Introduction

The older I get the more I find that memories are like the clouds over the ocean. Some parts are thick, deep, sometimes black. but mostly they are light pillows of white, travelling across the sky moving fast. Many are like wisps... thin and very quick to disappear.  The older I get the more wisps I have.  Thus the strong urge to write it down.

Speaking of grabbing memories.  I remember a very few things before I was three years old. There is a rather strong memory of playing with a dog... I believe it was my Uncle Paul's. Other than that.. pretty much a blank.  I don't remember my sister appearing during this time but she did. We've had an up and down relationship ever since.  Growing up I had more than a little envy.  She was unafraid to tackle new things and I was pretty much the opposite. I was much lazier with my head always in buried in a book.  Now we love each other much more but still, even in our dotage, agree on almost nothing.

There are memories of the years from three to six living in Coral Gables, Florida while Daddy was going to the University of Miami Law School. I can remember my first school, I can remember a man playing an accordion, my aunt and grandparents, a hurricane, the beach, playing with a friend, the kitchen in our home, the birth of my brother, being in a car accident....

Then back to Sea Cliff, New York for three years and many, many more memories. Way too many to list but most of all I remember.... happiness. Cause I was a well cared for kid and my parents loved each other and almost never fought.  More on that later.

When I was nine we moved to Cocoa Beach, Florida. The rest of my growing up time was spent living next to the ocean.  Those memories, of course, are stronger and there are thousands of them. I was a teenager during this time so now the memories are not always happy but, to my parents credit, I always felt safe but pretty much ignored. That's a biggie.

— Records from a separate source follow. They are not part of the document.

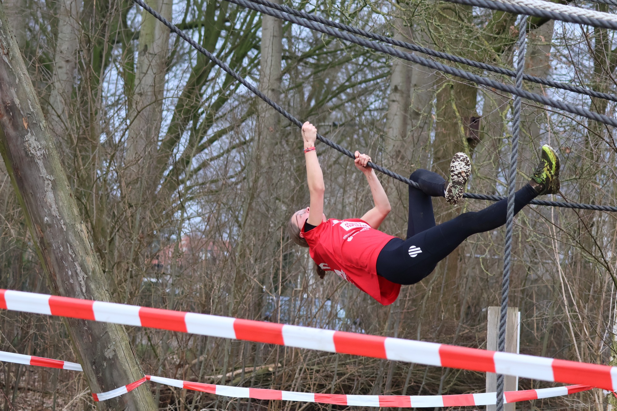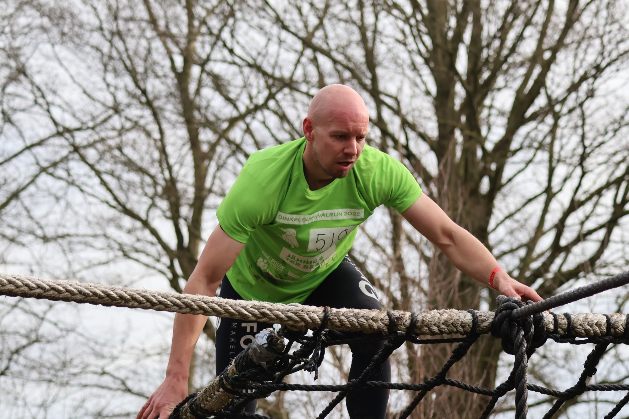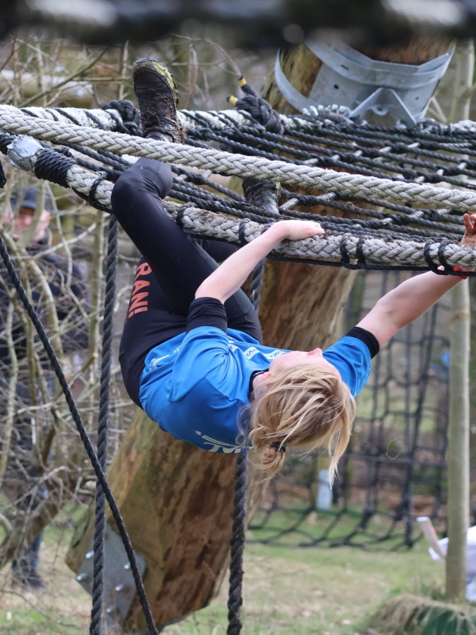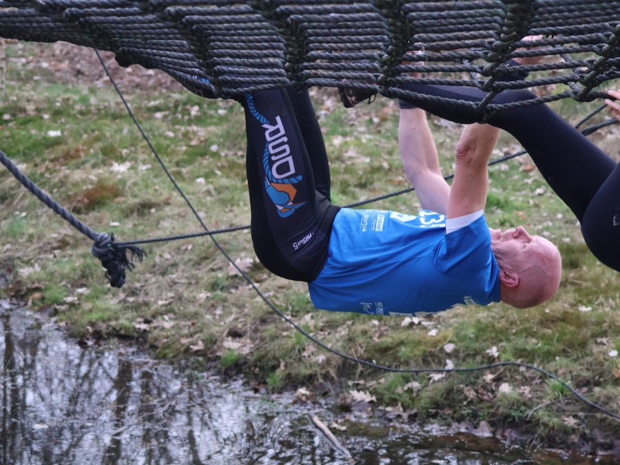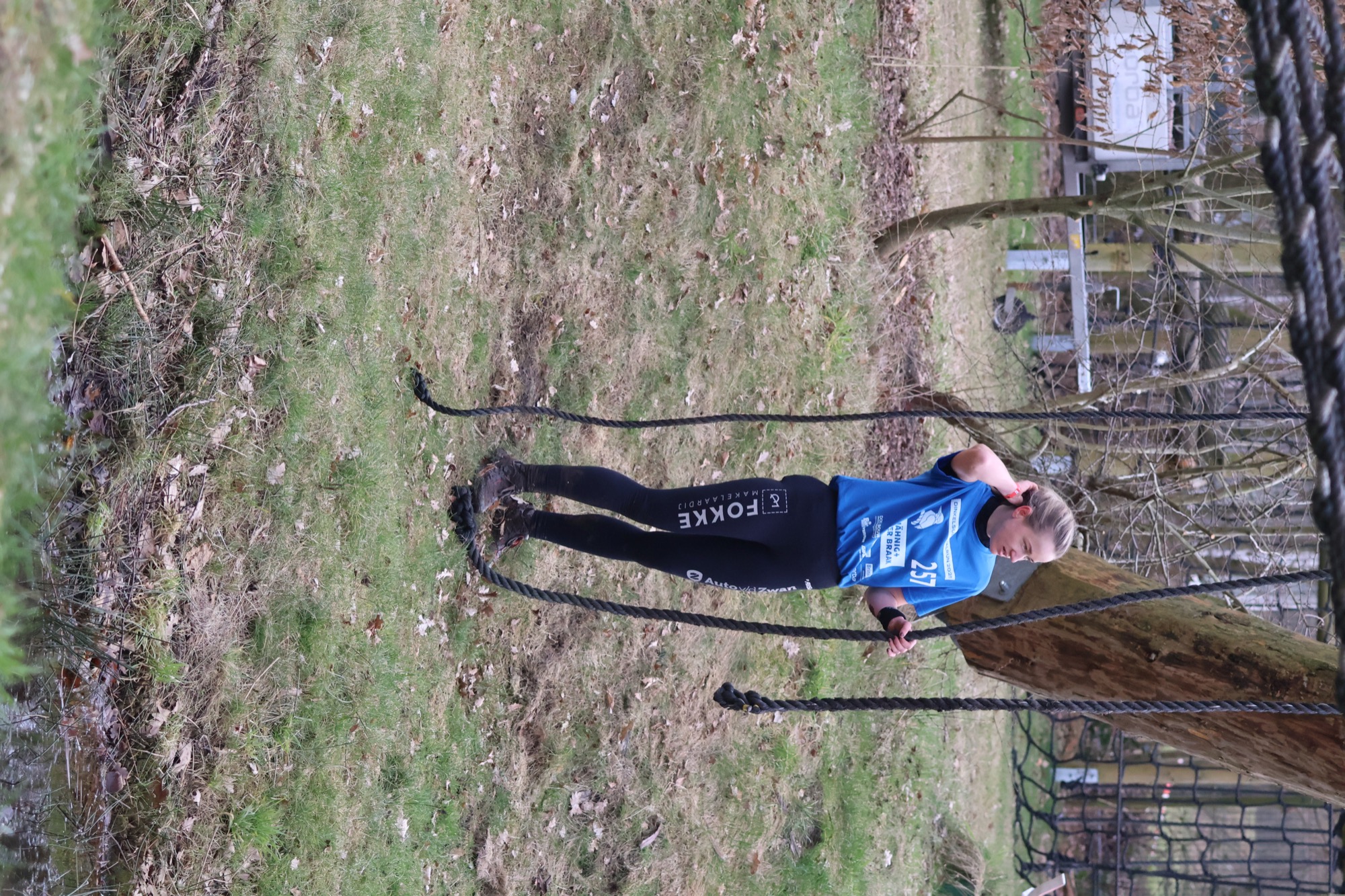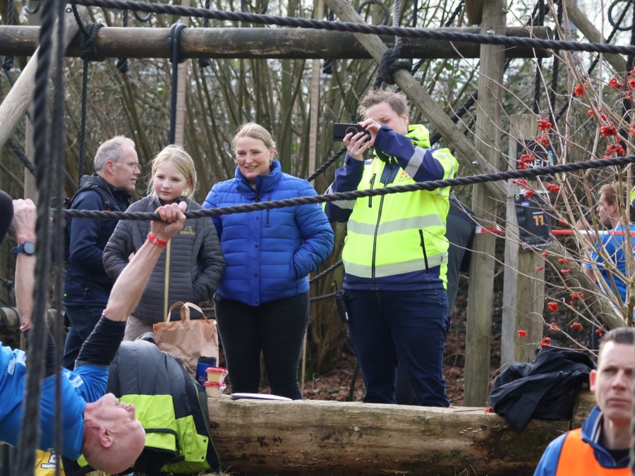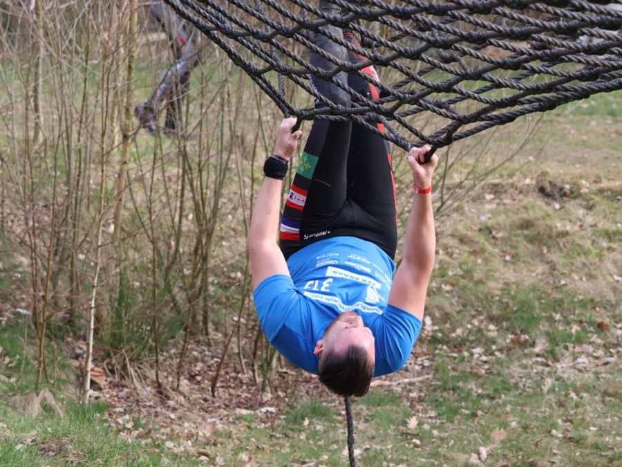 Deelnemers klimmen via het inklimtouw in het horizontale net. het gehele net klimmen ze onderlangs.
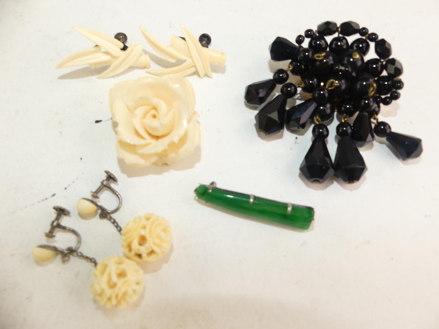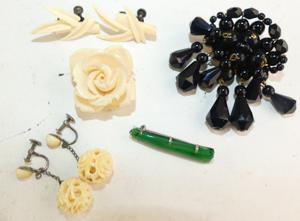 vintage french jet brooch, ivory items, jadeite glass brooch
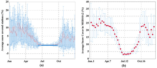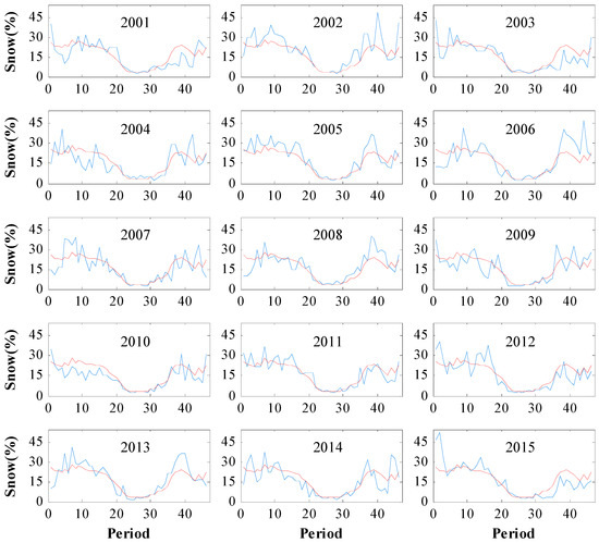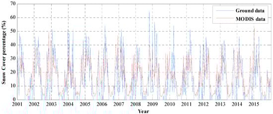 The eight-day snow cover (in %) in Tibet during 2001–2015. The red and blue curves represent the MODIS and station data, respectively.
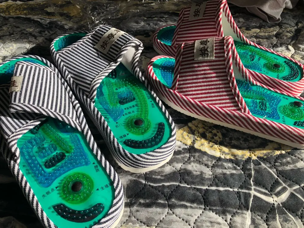 Тапочки, которые обеспечивают акупунктурный массаж в точечных центрах ног. Как в описании. Они прибыли в ближайшее время и хорошо защищены. И это розы. Спасибо, мистер продавец.
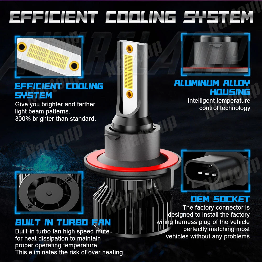 NOTES: Compatible list can not show up all car model,it is only for reference. It may exist someting error for some car model because of the car upgradtion and car modification. So please make 100% sure before you purchase. Otherwise, we are not responsibe for this, thanks for your cooperations! Professional installation is highly recommended if you have any difficult in installation. 1. Please check the size of your bulbs on your vehicle before purchasing. 2. Please make sure the headlight housing has enough space for installation before purchasing. LED Headlight Bulb Specifications: ---Model:H13/9008 ---light Source Model: LED Chip,2-side leds,super bright ---Power: 200w/Set ---Lumen: 20000LM/Set ---Operating voltage:DC 9-32V ( Fit 12V,24V Vehicle ) ---Beam Type:High beam & Low beam ---Beam Angle:360° ---Color Temperature: 6000K-6500K Cool White ---Lifespan:over 50000h ---Working Temperature: -40-+80 Centigrade ---Waterproof rate: IP 68 ---Plug for this listing: H13/9008 Plug High Low Beam LED Headlight Bulbs Kit ---Connector Type:Plug and Play ---Application: LED Headlights Headlamp Lamp Bulbs High and Low Beam LED Fog Light Bulb Specifications: Color: Super Bright 6000K-6500K Xenon white Bulb socket: 5202/2504/12276/H16 360 degrees illumination Heat resistant, prevent overheat problem Operating Voltage: 12-24V DC Wattage: 100W Actual Lumen: 10000 lm Voltage: DC 12-24V (fit 12V, 24V vehicles) Heat resistant, prevent overheat problem Easy installation, just plug and play, no polarity problem Much longer work life than halogen lights, approximately up to 50,000 hours Packed Include: 2 x H13/9008 LED Headlights Bulbs 2 x H16/5202/2504/12276 LED Fog Light Bulbs New and old packaging will be shipped randomly Features: ---High-power chips, ultra-thin board shape design makes the installation and fit better, the illumination is more uniform, and avoids the disadvantages of poor illumination width caused by the point light source; Our Lights suitable for use with 12-32V voltage. Our Lights has the characteristics of light diffusivity, wide-angle illumination and high lumen; ---The LED has high luminous purity, no need for lampshade filtering, and the light wavelength error is within 5 nanometers ---There is no delay when the LED lights up, while the traditional tungsten bulb has a delay of 0.3 seconds. ---LED has low power consumption. When it reaches the same brightness of traditional bulbs, it consumes only 6% of traditional bulbs, and it also saves electricity and fuel! ---It has a long life, its filament-free structure does not generate heat, and it can be used for more than 5 years under normal conditions ---LED car lights can make the vehicle control circuit not easy to oxidize, with a maximum load current of 0.1A. LED headlight advantages: ---LED lamps are more energy and power than conventional halogen lamps. The brightness is close to the xenon lamp, but the LED lights are illuminated without delay to enhance road safety. Instantly start without strong current impact, improve battery life by more than 30%. ---Fast cooling , using the most advanced, heat-dissipating structural design. The power driver adopts a wide voltage constant current mode which has a simple structure, so that the automobile can flexibly cope with various voltage unstable conditions, and has achieved the purpose of less component damage. Compared to HID ballast maintenance, The repair probability is very low which is less than 80%. ---Low heating temperature, The working temperature of helium can reach 800°-1000° ---LED headlight has a simple structure, and the parts are less than the xenon lamp, which is lower than the xenon lamp failure rate! ---Car LED headlight color temperature are balancing. Xenon bulbs are clear in the same color, about 6000K. Tip: Please ensure your vehicle equipped with factory xenon HID headlights This product will NOT work for halogen headlights or aftermarket HID headlights
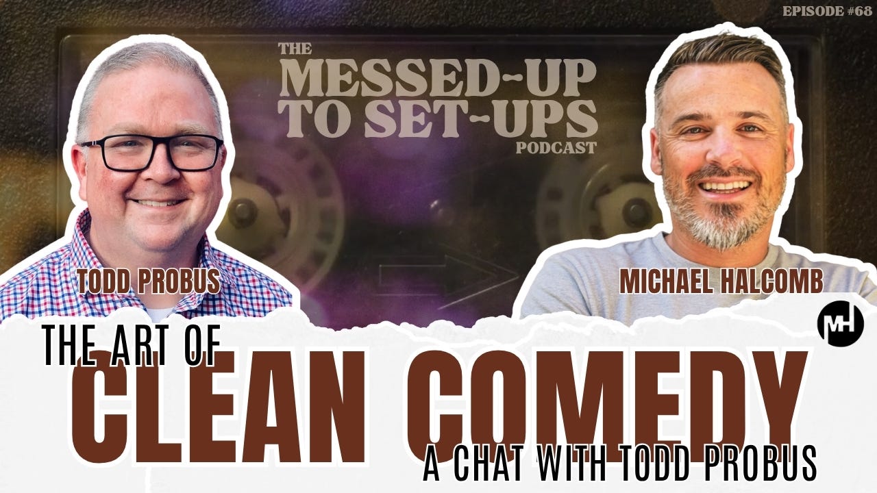 Hi Friends! Episode #68 of the Messed-Up to Set-Ups Podcast is now live. In this episode, I sit down with comedian and pastor Todd Probus. We dive into his fascinating journey of starting stand-up comedy in college, moving to L.A., leaving stand-up, then finding his way back to it later in adulthood. In addition, Todd shares his experiences of performing clean comedy, the challenges of balancing ministry life with stand-up, and the art of clean comedy. But Todd doesn’t just perform, he’s also a comedy producer and gives some insight into what he’s looking for when books comedians. This is a fun conversation filled with lots of insights, tips, and laughter. Tune in!
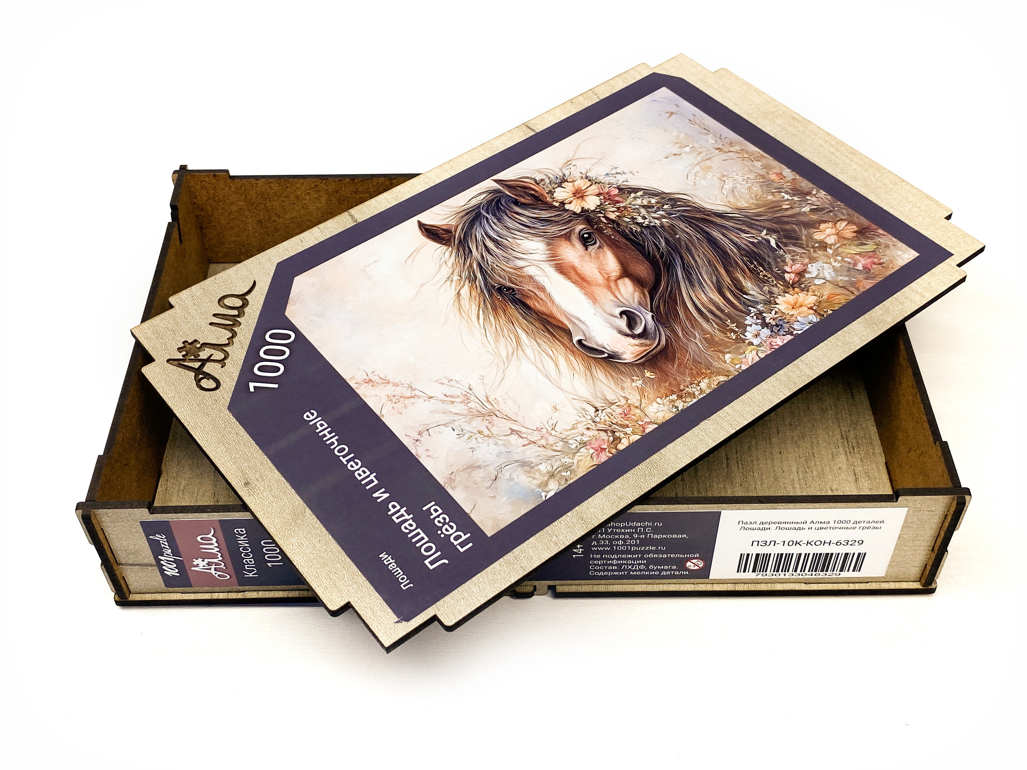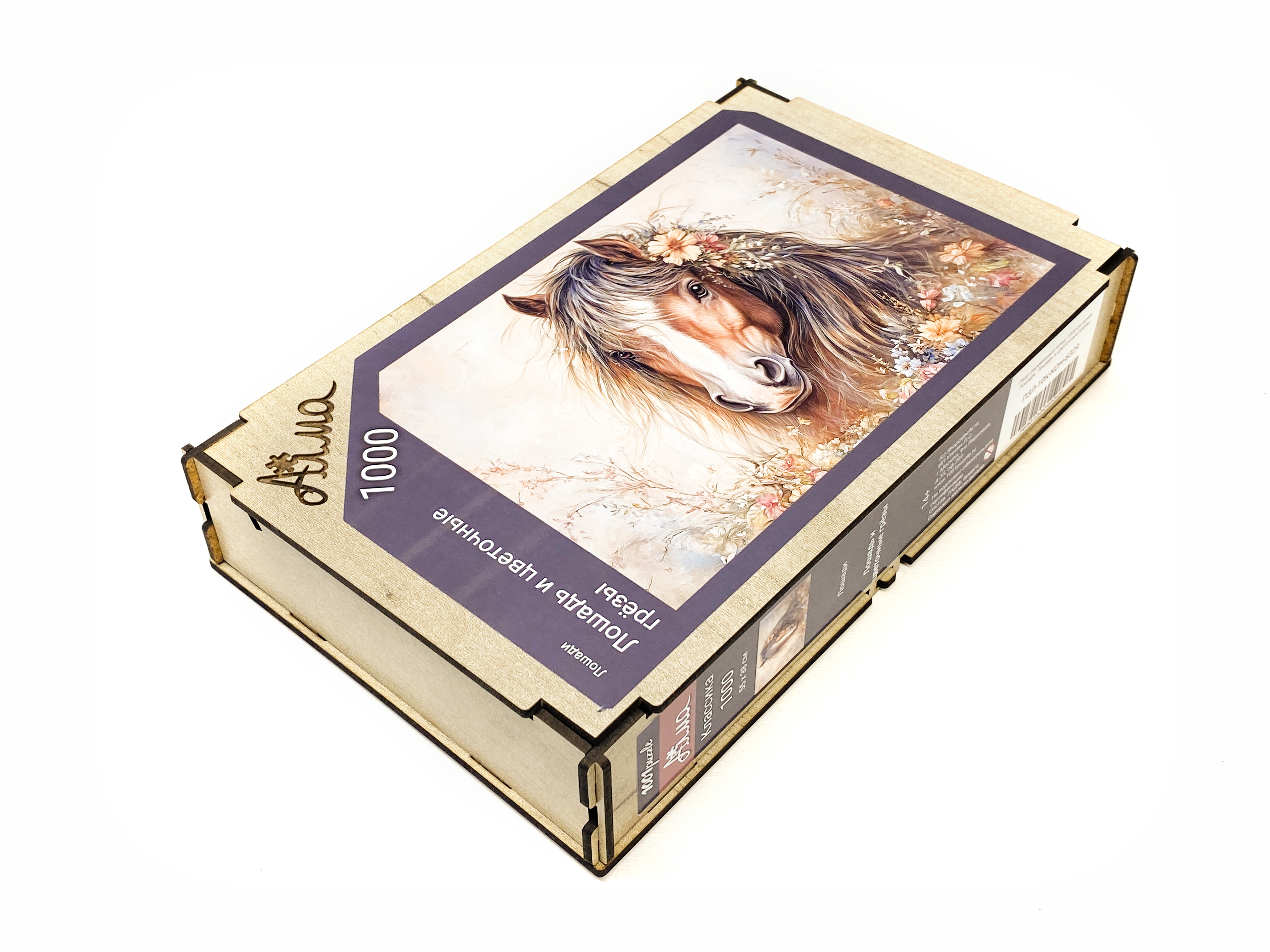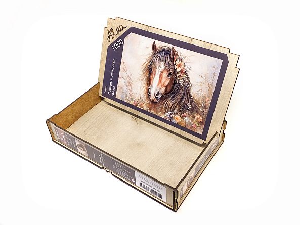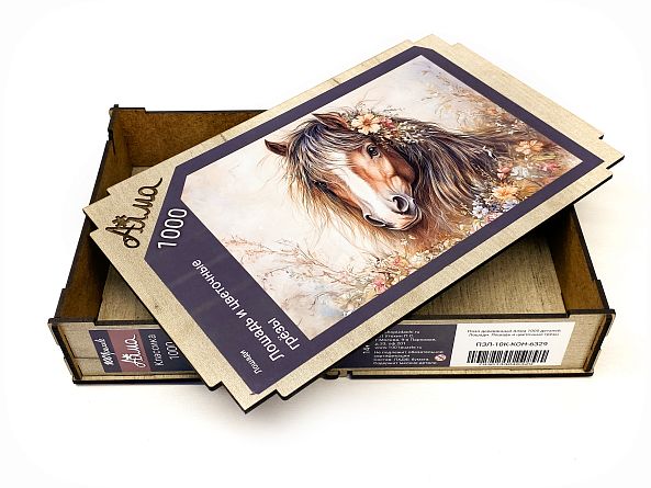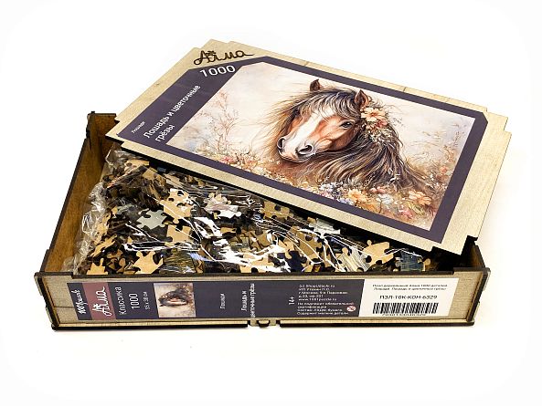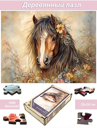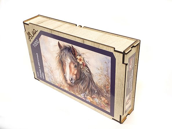 Wooden puzzle with 1000 pieces. Horses. Horse and flower dreams
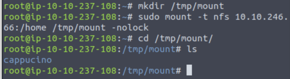 Use then the mount command we broke down earlier to mount the NFS share to your local machine. What is the name of the folder inside?
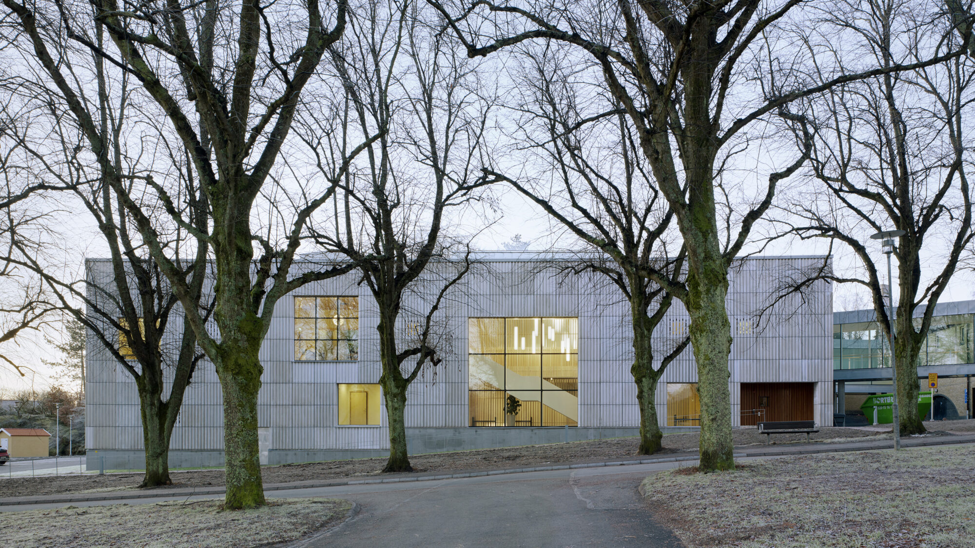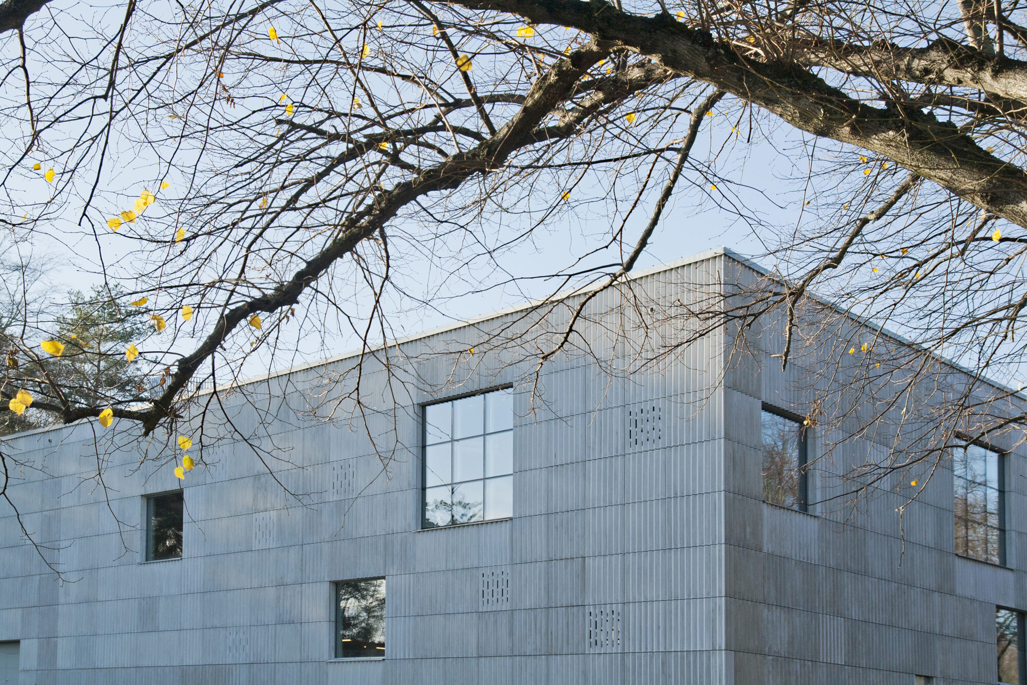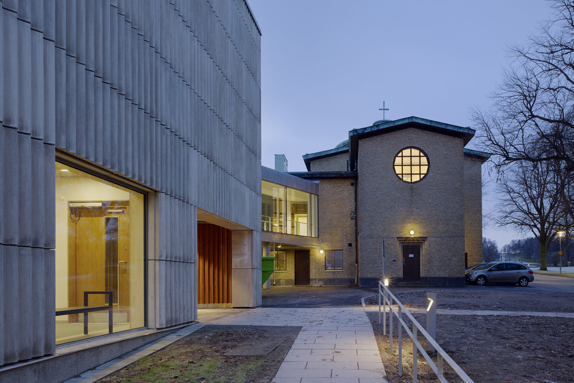 Fasadens veckade fiberbetong kontrasterar mot det gamla krematoriets tegel. På så vis har byggnaden fått en egen, stark karaktär. Vad som är gammalt respektive nytt blir tydligt och de båda bidrar till att förstärka varandra.

As an adult I've lived in California, Germany, Washington D.C., Georgia and Florida.  Had two marriages, one child, two stepchildren, two daughters in law, and six amazing grandchildren. Along the way, I've made good decisions, decided-not-to-decide decisions, and some really awful decisions. I've buried my parents, aunts and uncles and a cousin.  That part has been really, really hard.

Okay.  Enough of that.

This is not my first rodeo.  I've already started a handful of blogs I've abandoned for one reason or another.  I'm hoping this one will be different.  It's doesn't require monthly fees, so what killed most of my other blogs will not kill this one.  Bottom line is that I really enjoy writing and I'm over seventy so I ought to do what I enjoy because realistically there isn't that much time left. I try not to think about that too much.

I'm living directly on the ocean now.  Which is pretty much anyone's happy place.  It takes me way less than five minutes to actually bury my feet in the sand.

That's me.  That's who I'm and where I came from.  We'll see what follows.